These are all really smart folks, but this time, I think, they have it, as my mother would say, completely bassackwards.
What we have today is a failure of followership.
Americans don't follow like they used to. Every institution that once had "authority" has lost followers over the last two generations. Mainline church denominations have been losing membership since 1965. So have the old clubs and civic groups. Newspaper readership penetration peaked in 1965 and has been declining ever since. Are people fleeing newspapers because a lack of "leadership," Mr. Know-It-All Editorial Page?
People aren't following anymore. And not just in the United States. University of Michigan political scientist Ron Inglehart has been polling worldwide since the 1970s. (See his World Values Survey here.) What Inglehart finds is that people in richer countries are less "elite-directed" and are increasingly engaged in "elite-challenging" activities.
People don't follow. They express.
They don't go to Democratic Club meetings, like the ones held around my hometown of Louisville. They certainly don't wait around to be told what to think by a "leader." They petition or boycott.
People don't read the boring old newspaper. They blog.
"We are witnessing a downward trend in trust in government and confidence in leaders across most industrial societies," Inglehart wrote in 1997. (Yes, that was a decade before Nancy Pelosi became speaker of the House.)

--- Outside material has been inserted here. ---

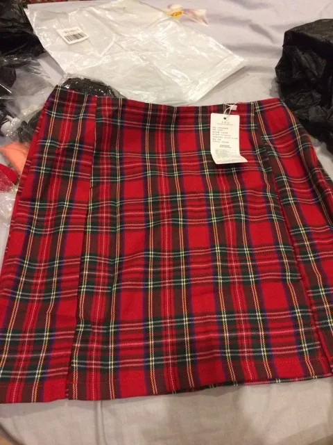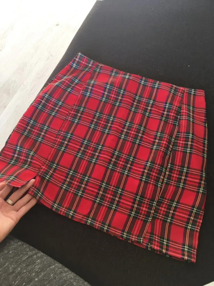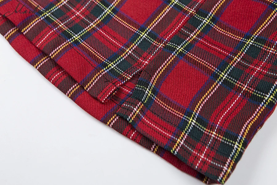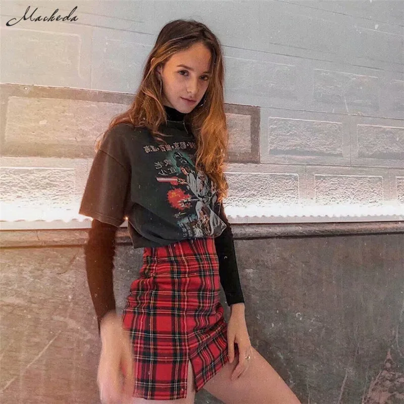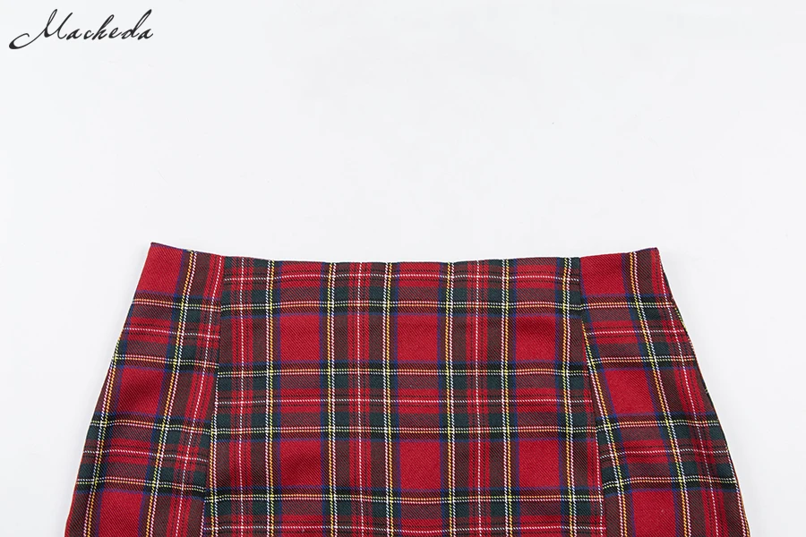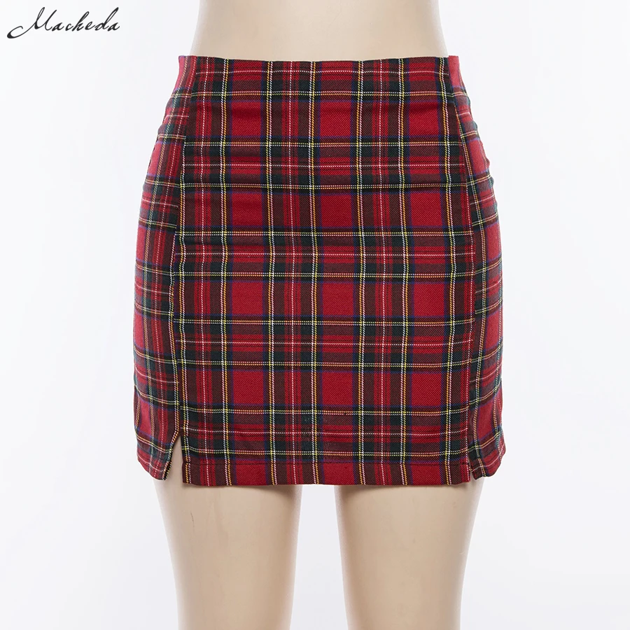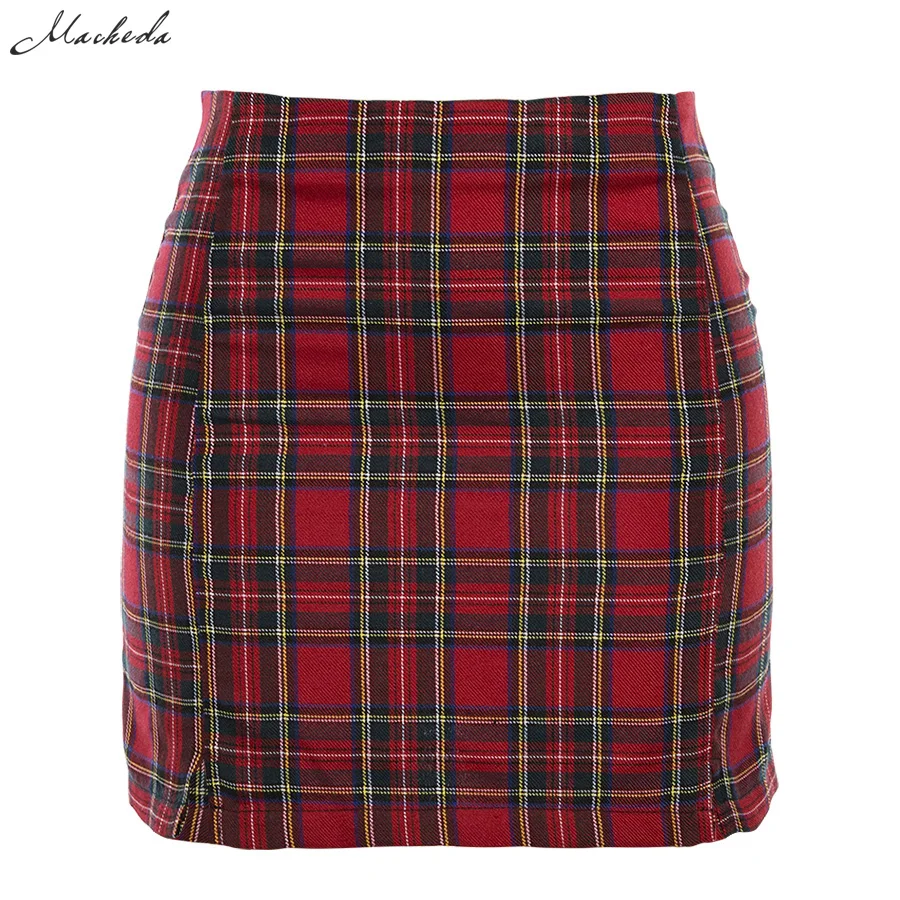 New Arrival Womens Casual Skirt Red Plaid Slim High Waist Zipper Mini Pencil Skirt L0044

The generation that emerged in the second half of the 20th century lost faith in every vestige of hierarchical authority, from the edicts of Catholic bishops to degrees in Free Masonry to the speeches given by governors and senators. (Ask people in business what it's like to "lead" Gen Y workers. Talk about a group of nonfollowers.) Editorialist and reporters write about the "collective breakdown of leadership" as if an entire generation of Americans were born without the skills of a Sam Rayburn, Dwight Eisenhower, or LBJ. There are just as many leaders as there have ever been.
What's missing are old-fashioned followers.
And, you know what? If we're waiting around for leaders to get us out of our messes, we're going to be waiting for some time. Because followers make good leaders, and followers are gone for good.